WOM Report – Batushka, Gaerea @ RCA Club, Lisboa – 24.09.18
Finalmente Batushka! Desde daquela madrugada de 2017, no Vagos Metal Fest, que muitos fizeram o voto de os ver novamente – os que estiveram presentes no festival mas também os que não estiveram – depois de largos meses de antecipação, um RCA completamente cheio numa noite sufocante recebeu a banda polaca de forma entusiasta, mas também solene. Isto depois de terem sido muito bem aquecidos.
Aquecidos da melhor forma, acrescento, por uma das grandes bandas nacionais a surgir nos últimos anos: Gaerea. Apesar de terem apenas dois anos, nesses dois anos lançaram um EP e um álbum de valor inestimável, ao nível de qualquer outra proposta de topo. O ambiente era soturno, tal como seria apropriado para a autêntica aula de escuridão claustrofóbica que seria dada. A banda não comunicaria com o público. Para quê? A música já dizia tudo, deixando todos os presentes rendidos graças à vida (sim, também há vida na morte) que temas como “Absent” e “Extention To Nothingness” ganham em cima do palco.
Com uma componente teatral impressionante (onde obviamente teremos que destacar o suporte de micro enxertado numa árvore), que se fundiu na perfeição com os elementos cénicos dos Batushka já presentes no palco, este não foi um concerto normal de black metal. Nem tão pouco de metal. Foi uma experiência sónica que serve para olhar para o abismo que cada um de nós possui dentro de si e que anda praticamente uma vida inteira a fugir do mesmo. Os Gaerea mostraram que não há fuga, não há esperança, apenas o abismo. Ainda que esse abismo possa ser belo como efectivamente é. Não poderia haver proposta mais adequada para os senhores que seguiriam.
Já era sabido que os Batushka não são uma banda normal. Aliás, só a premissa de termos uma banda que assenta o seu conceito cénico e até lírico nos ritos religiosos, mais concretamente da liturgia católica ortodoxa é algo único. Deveria ser, por isso mesmo, algo fácil de descrever. Nada mais errado. Todos os gimmicks (muito famosos hoje em dia para fazer a diferença numa era em que se pensa e muitas vezes se sente que já se viu e ouviu tudo) têm um único intuito: aprofundar a atmosfera de forma a criar um mundo aparte, algo que é atingido com um sucesso avassalador. De uma forma que ainda estamos para ver superar.

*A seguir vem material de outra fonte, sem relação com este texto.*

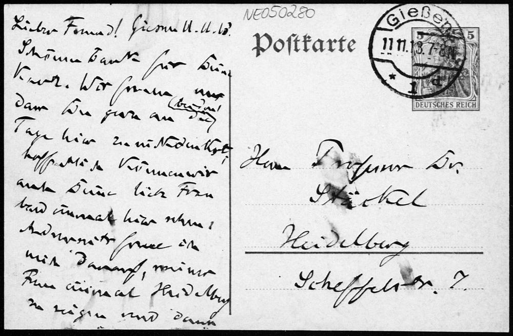 Postkarte von Friedrich Engel an Paul Stäckel vom 11.11.1913

Esta era a nossa opinião após o já mencionado concerto no Vagos Metal Fest na sua edição de 2017 que ficou ainda mais reforçada após o concerto no RCA Club.

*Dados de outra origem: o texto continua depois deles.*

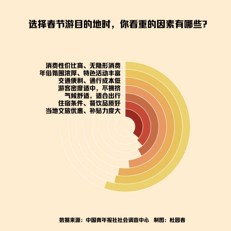 日前,中国青年报社社会调查中心联合问卷网(wenjuan.com),对1000名受访者进行的一项调查显示,选择“春节游”目的地时,消费性价比高、无隐形消费(55.3%),年俗氛围浓厚、特色活动丰富(53.1%),交通便利、通勤成本低(52.4%)是受访者最看重的几个因素。
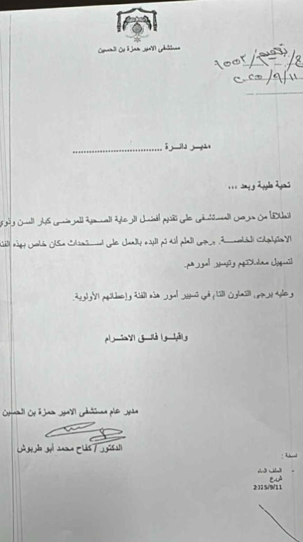 وجاء في كتاب رسمي صادر عن مدير عام المستشفى، الدكتور كفاح محمد أبو طربوش، أن هذه المبادرة تأتي انطلاقاً من حرص المستشفى على تقديم أفضل الخدمات الصحية والإنسانية
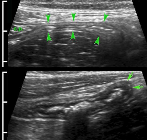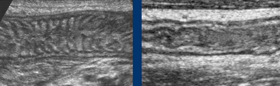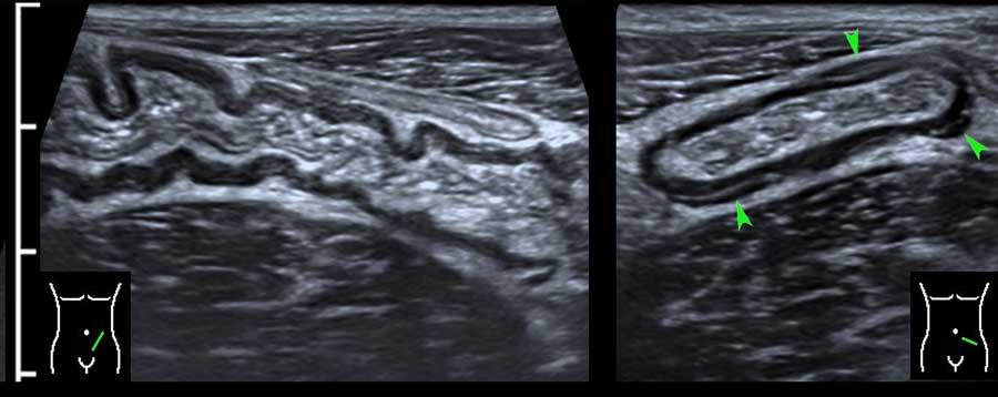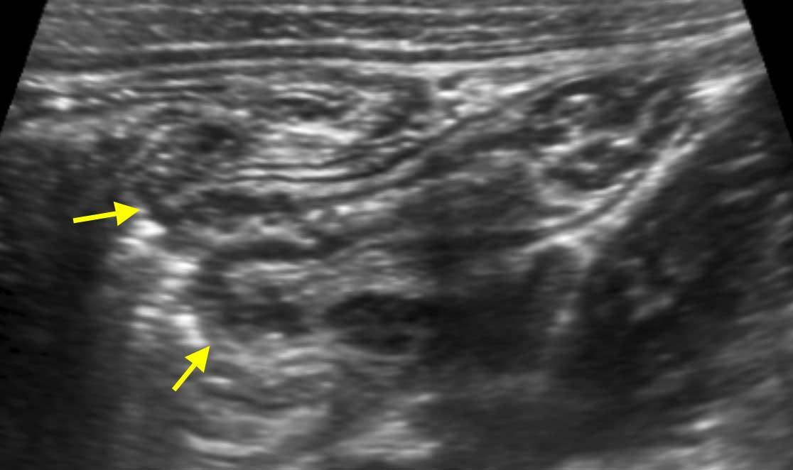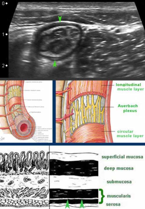 Lớp mỏng này (đầu mũi tên) tăng âm trên siêu âm và có thể thấy ở ruột non của bệnh nhân gầy.

Começou como o álbum “Litourgiya” (o único da sua carreira até ao momento presente) começa, com os sinos a soar e com os elementos da banda a entrarem em palco, ao som das palmas que se faziam ouvir a acompanhar. Foi uma constante ao longo deste concerto que, tal como aconteceu com os Gaerea, não houve qualquer comunicação com o público a não ser por gestos e vénias que foram feitas, recebidas e/ou antecedidas por salva de palmas. A preparar o ambiente, o primeiro guitarrista acende as velas e coloca-se na sua posição, com os restantes membros a subir ao palco inclusive o baterista que estava do lado direito, atrás de um biombo, praticamente arredado da vista mas não da audição – o que se compreende já o que se pretendia era um ambiente solene com movimentos muito lentos, algo que os blastbeats poderiam distrair.

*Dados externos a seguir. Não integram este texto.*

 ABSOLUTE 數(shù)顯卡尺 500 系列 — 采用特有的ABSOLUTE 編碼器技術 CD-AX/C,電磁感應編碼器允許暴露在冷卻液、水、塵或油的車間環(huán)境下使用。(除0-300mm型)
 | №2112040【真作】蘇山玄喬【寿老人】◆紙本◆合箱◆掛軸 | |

Todo o ritualismo, toda a componente de imagem só serviram para tornar mais reais as melodias ora melancólicas ora solenes que nos transportavam para um lugar inesperado. Um lugar de comunhão que se materializou oficialmente quando Варфоломей entrou em palco, sacerdote, padre (Batushka em cirílico), com o turíbulo a espalhar o incenso para afastar os maus espíritos e iniciar a vigília noturna. E durante cerca de uma hora foi um desfilar de melodias ora sem distorção, ora em tremolo picking apoiadas na bateria possante e num baixo omnipresente que para além da função que têm vulgarmente num contexto de uma banda de metal, aqui servem como paredes e telhado para esta igreja que nos elevou aos céus – ou às profundezas dos infernos. A dualidade foi uma constante ao longo da sua actuação. Nevoeiro denso que se espalhou por toda a sala como se fosse uma entidade viva que acompanhava a banda, esta foi uma noite memorável que chegou ao final, para muitos, quase de repente. Mesmo com a banda tendo saído do palco, ainda havia quem esperava esperançoso por um encore, mesmo quando a música do RCA, de um contexto completamente diferente, já se fazia ouvir. Acabou e não deixamos de admitir um certo vazio que ficou preenchido apenas pela esperança de que, tal como houve uma segunda vinda, exista uma terceira. A romaria para a liturgia estará certamente presente. Deus lo vult.